- **Given data**:
::::
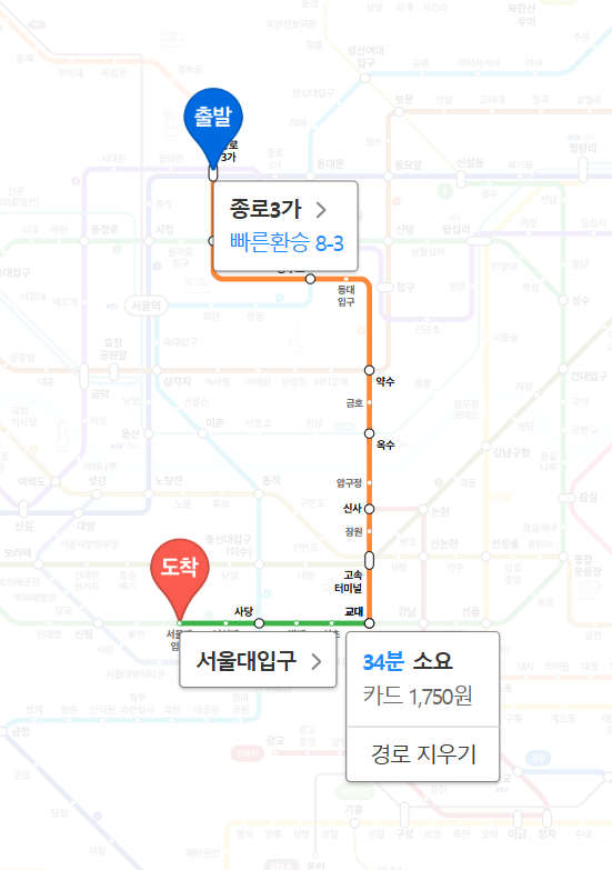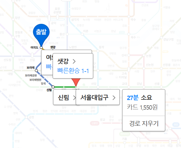 주요3대업무지구인 강남 까지의 소요시간은 약 14분, 여의도 약 27분, 종로3가 약 34분 으로 출퇴근 시 강남·여의도 접근성이 좋은편 입니다.
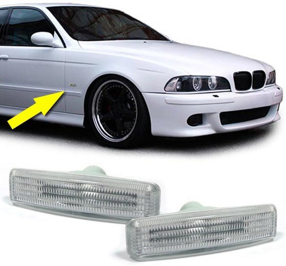 Een set witte zijknipperlichten, geschikt voor de BMW 5 serie E39 (model 1995 – 2003).
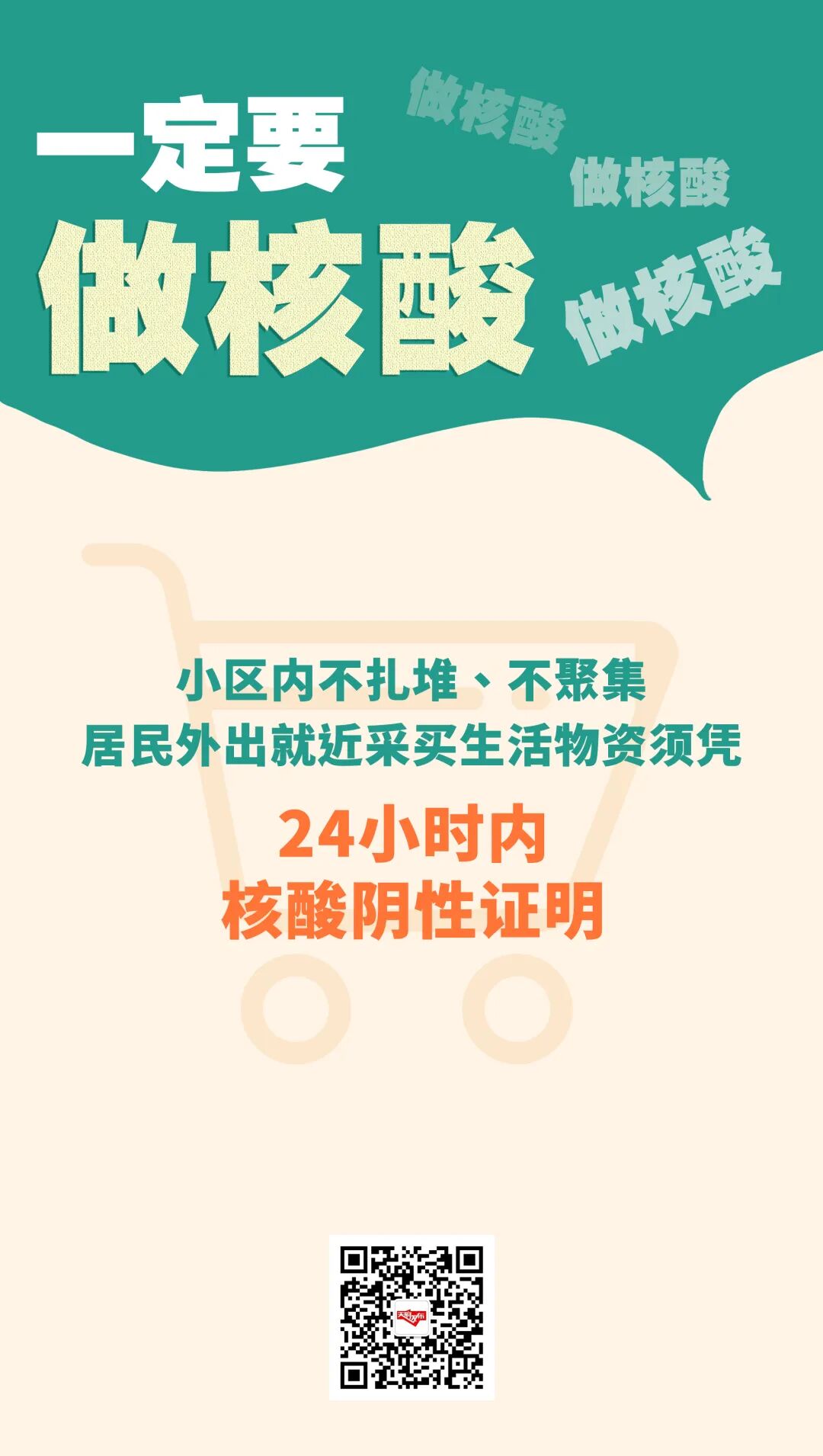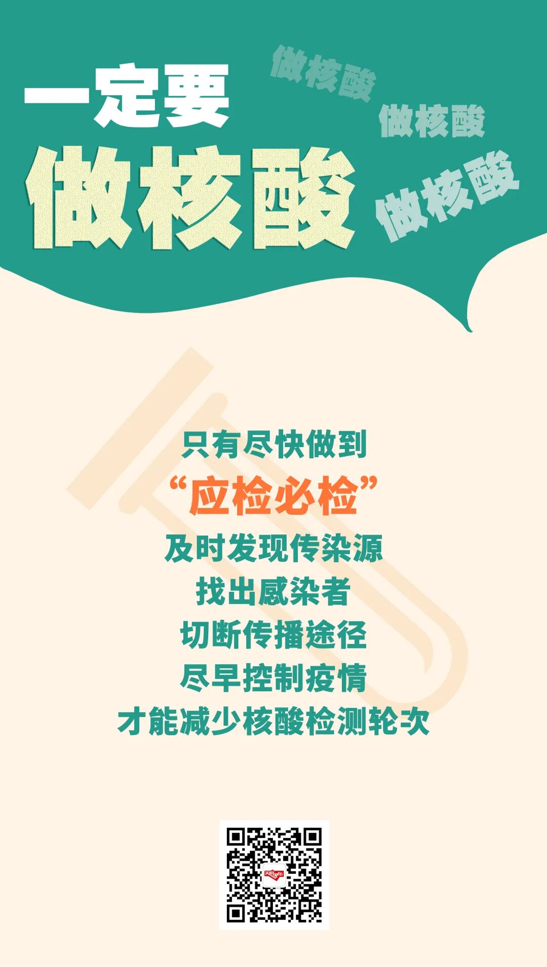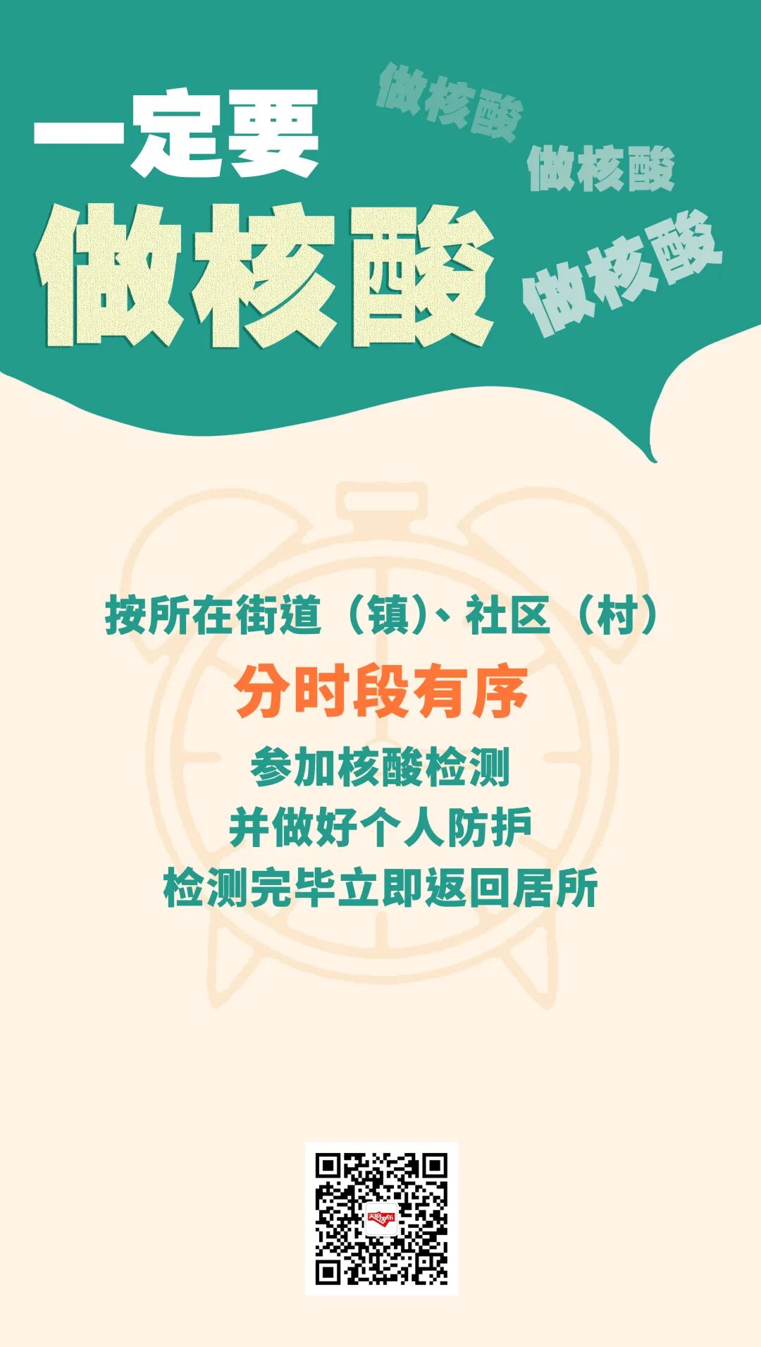 一、全市人员继续按照“应检必检”要求,完成全员核酸检测。请市民密切关注本区域发布的核酸检测时间,按所在街道(镇)、社区(村)通知,分时段有序参加核酸检测并做好个人防护。中高风险区和居家隔离人员按相关防控管理规定执行。
::::
- **Problem**:
Apart from the images, every line above needs to be printed again exactly.

- **Response to the exercise**:
 주요3대업무지구인 강남 까지의 소요시간은 약 14분, 여의도 약 27분, 종로3가 약 34분 으로 출퇴근 시 강남·여의도 접근성이 좋은편 입니다.
 Een set witte zijknipperlichten, geschikt voor de BMW 5 serie E39 (model 1995 – 2003).
 一、全市人员继续按照“应检必检”要求,完成全员核酸检测。请市民密切关注本区域发布的核酸检测时间,按所在街道(镇)、社区(村)通知,分时段有序参加核酸检测并做好个人防护。中高风险区和居家隔离人员按相关防控管理规定执行。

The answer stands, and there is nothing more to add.